Caleb was peaceful. She knew he was telling the truth about that, but he was the same as the thing that killed her mother. That didn't make him her enemy. His guilt was never in question. His nature was under question. Even though she remembered him helping her, and supplying her with blood, she didn't know whether or not she could trust something that wasn't human.
There was no way of knowing the way his mind worked or what sort of things motivated him. He could be peaceful now and a killer in a few seconds. With the supernatural, anything was possible. That meant that she had to move with caution.
He knew everything about her, and she knew absolutely nothing about him. The second she got a chance to ask, he shut her down and walked away. She felt conned once again like he'd just robbed her of something that she owned. She wasn't going to give up. He was giving little things away. Eventually, she would get some answers from him.
The house was always quiet. Sometimes Margaret would knock on her bedroom door to invite her to dinner. Other times she would just leave a tray outside and not bother. Sara never came down unless Sara had to leave for school or get a glass of water. She couldn't stand the sight of her grandmother. It was awkward when they had to be together.
She found herself staring outside all the time, watching the water, and the clouds that raced along the coast. She'd leave more if it weren't for the fact that she'd have to pass by her grandmother and she got the sense that her grandmother wanted her to stay at home. So she waited until she was certain she could hear her grandmother in the kitchen. Then she opened her window and started climbing down the trellis. The footholds were precarious, small diamond-shape holes, barely big enough for h
er to stick the tip of her feet into, which added to the thrill. Her window was nearly 15 feet off the ground. She'd break something if she fell into the grass for certain. Sara moved faster, faster than she should've and never checked to make sure her feet were in the holes when she went down. When the adrenaline started pumping, and she was about five feet off the ground, she gave herself a jolt of excitement by letting go and falling straight to the ground with a crash that nearly twisted her ankle.
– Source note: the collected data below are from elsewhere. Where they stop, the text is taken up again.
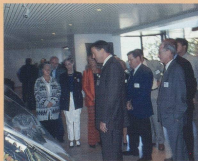
Découverte du site de FAVERGE

Pour ne pas être tributaire d'une seule activité et de ses cycles temporels, plusieurs diversifications ont vu le jour durant les dernières décennies ; c'est ainsi que la robotique et la connectique sont venues compléter l'activité du groupe. Les membres de la Chambre remercient tout particulièrement Monsieur STÄUBLI et ses cadres dirigeants pour leur disponibilité et la qualité de leur réception. Les Etablissements STÄUBLI sont adhérents à la CCSF depuis plus de 75 ans.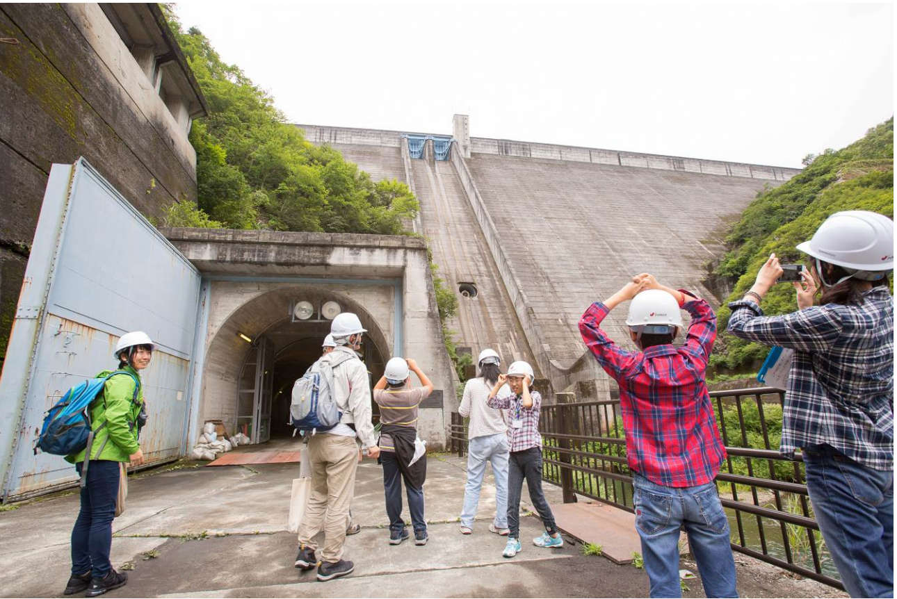
○さっきまでの場所があんなに小さい！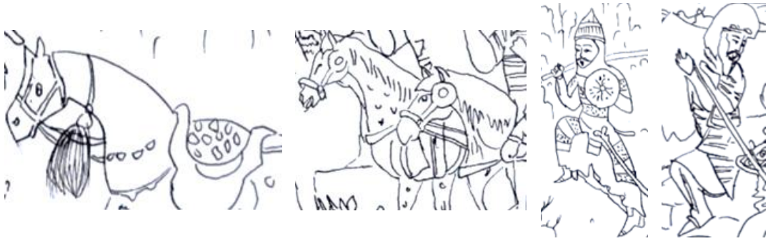
شاهنامه ۷۷۲ ه.ق

شخصیت پهلوان در نیمی از کادر انجام شده و باعث به وجود آمدن نوعی انسجام در نگاره شده است. کادر تصویر به صورت افقی در کل عرض صفحه به نمایش درآمده است. چهره‌ها بدون حالات هیجانی و عاطفی خاص و پیکره نگاری قراردادی و جامگان انسانی و ادوات جنگی با جزئیات تصویر شده است. این نگاره در شاهنامه ۷۷۲ ه.ق دارای طبیعتی پر از عناصر تزیینی، گل و گیاه و درختچه‌های بسیار و همچنین تپه‌های گرد می‌باشد. اختصاص قسمت بالای نگاره به آسمان ابری و دقت در جزئیات لباس، کلاه خود و زین اسب در حالت قراردادی و مغولی جلب توجه می‌کند. قرار گرفتن پیکره پهلوان در قسمت وسط نگاره با رنگ گرم بر روی زمینه‌ای از رنگ سرد مد نظر است. بیرون زدگی قسمتی از منظره، از سمت راست، شایان ذکر است. کیفیت رنگی خوب بدون سایه روشن و همچنین عدم رعایت تناسب انسانی از ویژگی‌های این نگاره می‌باشد (تصویر ۱۳).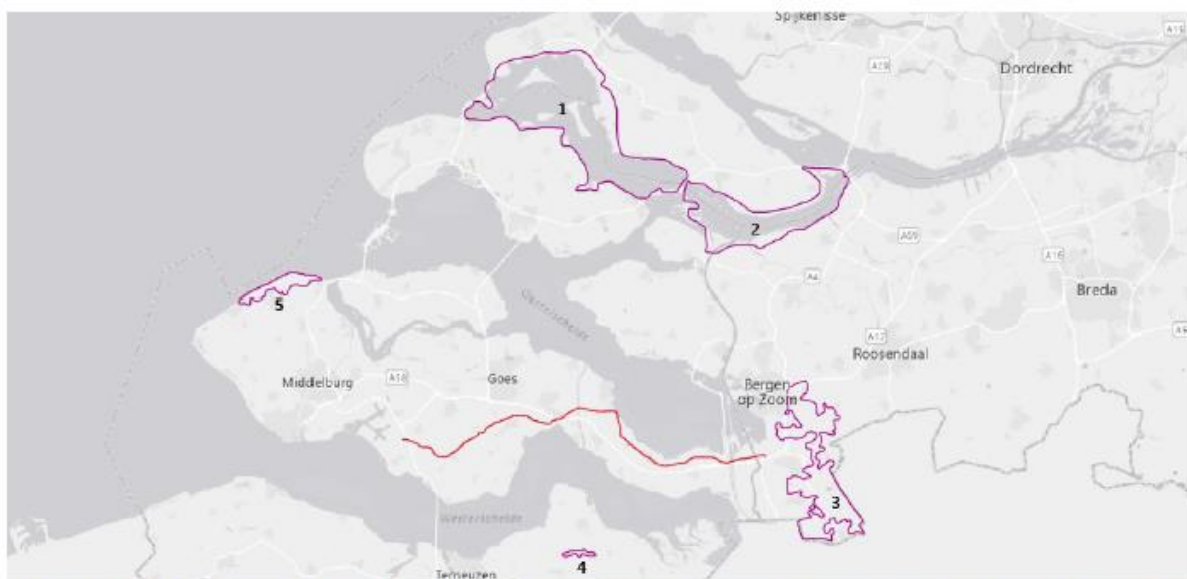
Figuur 2. Op de kaart zijn de Natura 2000-gebieden weergegeven die op grotere afstand van de werkzaamheden aan de waterleiding liggen. De waterleiding zelf is met een rode lijn aangeduid. De genummerde aanduidingen verwijzen naar de volgende vijf Natura 2000-gebieden: 1. Grevelingen, 2. Krammer-Volkerak, 3. Brabantse Wal, 4. Vogelkreek en 5. Manteling van Walcheren.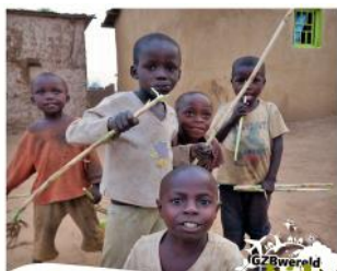
Wereldkids Rwanda 'Geef het door'

In dit leuke programma vind je allerlei activiteiten om samen met kinderen bezig te zijn met zending. Leuk om te doen op bijvoorbeeld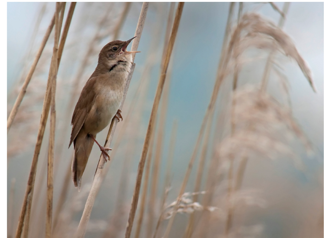
Zingende grote karekiet

In onderstaande paragrafen zijn alleen de soorten opgenomen die in één of meerdere gebieden knelpunten hebben. Verder worden alleen de knelpunten beschreven die in de NEA naar voren zijn gekomen. Informatie over alle soorten en over de gebiedsspecifieke achtergrond van knelpunten is in hoofdstuk 3 van de verschillende gebiedsdelen te vinden.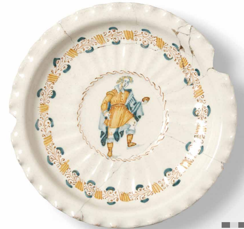
Fig. 2. Piatto con tralcio diritto in stile compendiario di Castelli, classificato come tipo A (ghirlanda con nastri e girali) e figura umana al centro. L'ornato è stato rinvenuto ad Amsterdam e Enkhuizen fra cui il piatto il oggetto.

La ghirlanda floreale di Tipo B di origine castellana, classificata come gruppo 1a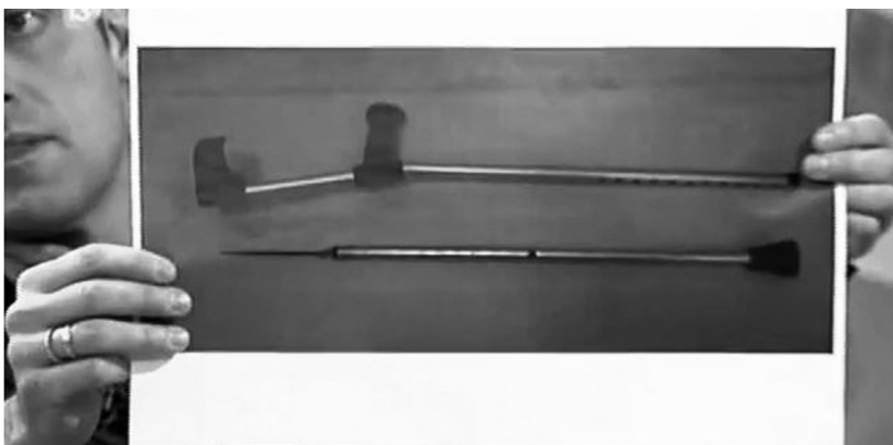
El portavoz de la CEP muestra en 13TV una imagen de la muleta

Un capítulo aparte merecen las armas de los/as manifestantes. Muletas asesinas titulaba el panfleto ABC y nos explicaba que “Entre el material encontrado en la zona de los disturbios figuraban unas muletas a modo de objeto punzante. Un arma, sin lugar a dudas, criminal”. Todos los medios se hicieron eco de la noticia difundida hasta la saciedad por los sindicatos policiales. Lástima que el día anterior a las marchas, Europa Press publicara que esas muletas habían sido detectadas en los Juzgados de Plaza de Castilla y que eran completamente ajenas a la manifestación, porque la historia del nuevo Cojo Manteca armado con las muletas asesinas prometía.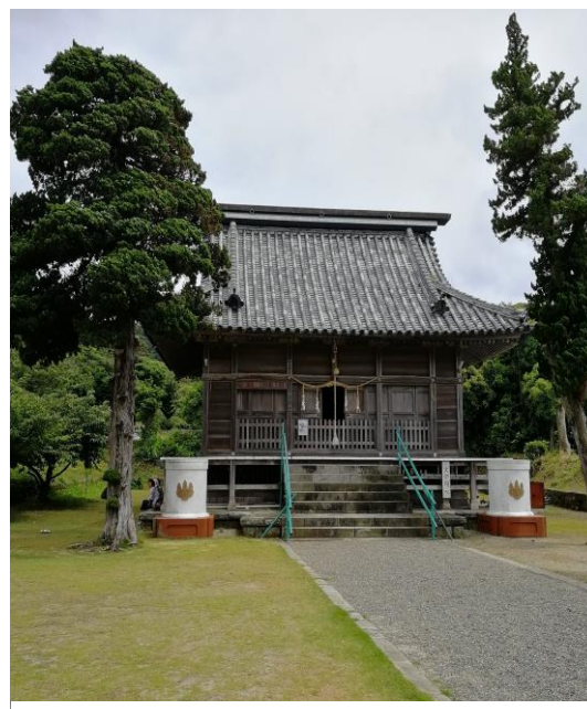
【布良崎神社・本殿】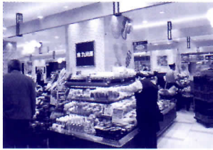
▲ 九州屋・松坂屋上野店

「全国シティプロモーションサミット」では多岐にわたる講演、パネルディスカッションで「シティプロモーションは“まちづくり”そのものである」という認識を深め、有意義な研修となりました。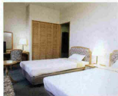
ツインルーム。1名宿泊 9858円から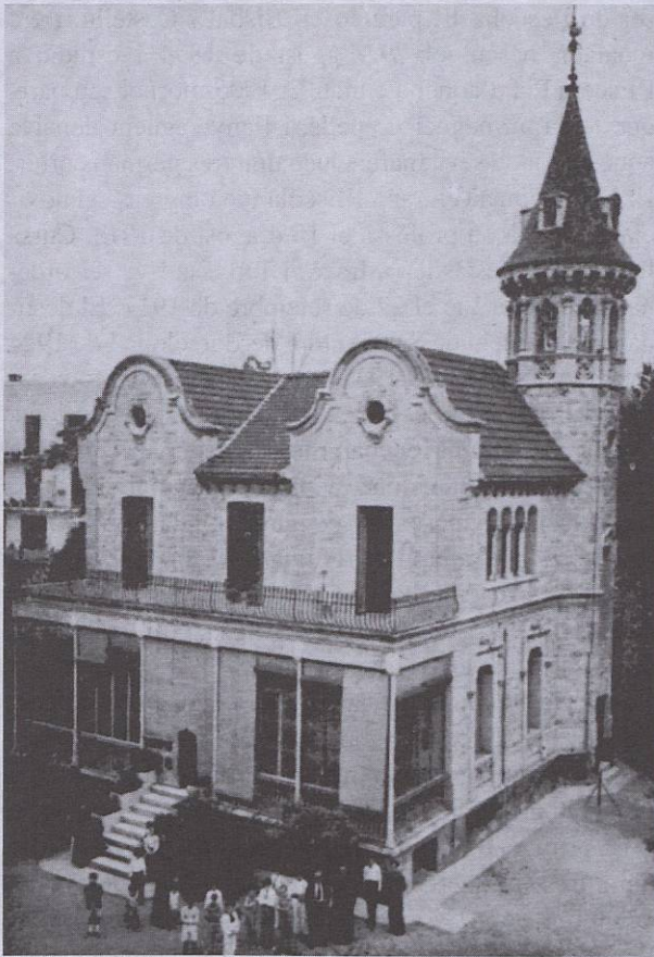
Vista del col·legi antic amb uns quants alumnes i uns escolapis

Aquesta, postura radical es comprovà en el moment de la votació. La Llei de Confessions i Congregacions religioses s'aprovà, doncs, sense excepcions el 2 de juny de 1933 i el seu article 30 deia: " Las órdenes y congregaciones religiosas no podrán dedicarse al ejercicio de la enseñanza ". L'Escola Pia, com la resta d'entitats de religiosos, va quedar sense poder exercir el seu ministeri tradicional, per al qual havia nascut.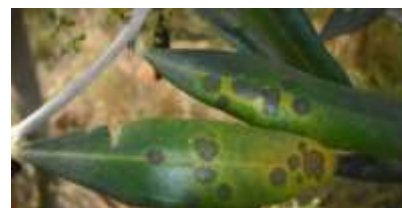
Photo 2 : Taches symptomatiques des contaminations dues au champignon F. oleagineum

Observations : surveiller l'apparition sur les feuilles âgées de taches dues aux contaminations du printemps précédent.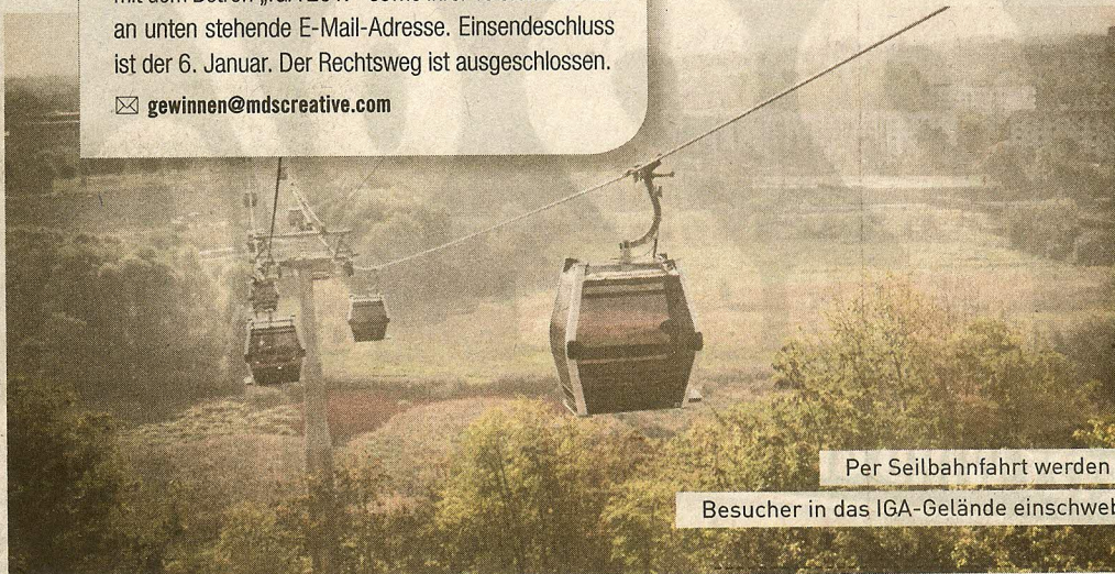
Per Seilbahnfahrt werden Besucher in das IGA-Gelände einschwe

Sara couldn't stay locked up there forever. She needed her space, and time away from Margaret. The house felt like a prison. It was wonderful to have the wind tugging at her, urging her downhill over the trail that led to the beach. She took off her shoes when she reached the sand and found a boulder with the water flowing around it where she sat down and let the cold trickle back and forth over her toes.
She found that when aided by the ocean's foot massage, the water's featureless landscape allowed her to pass all of her thoughts over it so they could sink down below the surface and stay trapped there. It actually allowed her to get a moment of quiet inside her head.
She felt free in nature. That was the only place she could feel free. She could go wherever she wanted to, explore up and down the coast, walk along the cliffs or traipse through the field. There was a bus station a couple mile away. She could get on one of the buses, leave and never come back. She would've done it already if it weren't for her need to figure out what was going on.
That was the worst case scenario. If she had to leave town without finding anything out, she would never most past this. She would always wonder about what had happened to her at the hospital and what killed her mother.
She'd wake up at night, screaming and brood over it every single day. She didn't want that to happen. Sara wanted her grandmother back, but she needed answers and no matter how hard she tried she wasn't going to get them.
Caleb wasn't going to say a thing. He could pop in and out of her life for years, never telling her a word. Caleb seemed like he had patience. He could probably see Sara every single day for the rest of her life and never, not once, give her a single clue about what was going on. All Sara had to look forward to where more brick walls and lies. It didn't matter whether she stayed in town or not, the secrets and lies were going to drive her insane.